Edit.: Key ist vergeben.


----------



## dambala (11. Juli 2012)

Suche nen Buddy key zum testen sag jetzt schon mal vielen dank!
destro80@gmx.at


----------



## TuckTuck (11. Juli 2012)

suche auch noch einen Key ich glaub mein Beitrag ist untergegangen 

( martin-styl@gmx.net )

Vorab schon ein mal vielen dank.

Ps: Hätte im Tausch auch noch einen Terra Buddy Key


----------



## sos (11. Juli 2012)

suche auch noch einen Key :-)

( dj-excalibur@gmx.de )

Vorab schon ein mal vielen dank.


----------



## Iconique (11. Juli 2012)

Falls noch jemand einen Buddy-Key für mich übrig hat würde ich mich sehr freuen.
Wäre unglaublich dankbar das ganze mal ausgiebig testen zu können.

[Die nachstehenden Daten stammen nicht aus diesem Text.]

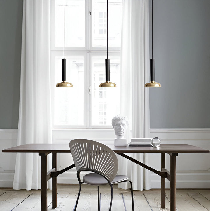 The Serlo Pendant Light offers a study in simple elegance. This pendant features a sleek, cylindrical shade in a smooth, matte finish, suspended by a slender cord. The understated design is punctuated by the warm gleam of the metallic socket and canopy, adding a touch of subtle sophistication. This versatile pendant provides a focused downlight, perfect for illuminating kitchen islands, dining tables, or workspaces, while seamlessly blending into a variety of modern interiors.

Meldet euch einfach per PN.

LG


----------



## Spookygirl (12. Juli 2012)

Eigentlich wollte ich im offiziellen Secret World Forum schreiben, aber da kann man momentan keine neuen Registrierungen im Forum durchführen :-( Also versuche ich es hier mal und ich hoffe ich habe Glück und jemand hat einen Buddy-Key für mich.
Danke!


----------



## Ascalari (12. Juli 2012)

Ohja nen Key wäre was feines im Offi Forum sind keine anmeldungen möglich hoffe das liest jemand 

MFG

Asca


----------



## Thorandil (12. Juli 2012)

Ich würde mich auch sehr über einen Buddy Key freuen, falls noch wer einen über hat.


----------



## XcomkeenX (12. Juli 2012)

Nabend, ich hätte auch noch einen Buddy-Key über.
Einfach PN mit email-addy und auf gehts  

LG
comkeen



Edit: Der Key ist wech ! 

Sorry an alle die leer ausgingen aber es war halt nur eienr da :/


----------



## Kicces (13. Juli 2012)

Da in meinem direkten Umfeld derzeit keine MMO-Fans unterwegs sind habe ich einen 24h-Buddy-Key zu vergeben.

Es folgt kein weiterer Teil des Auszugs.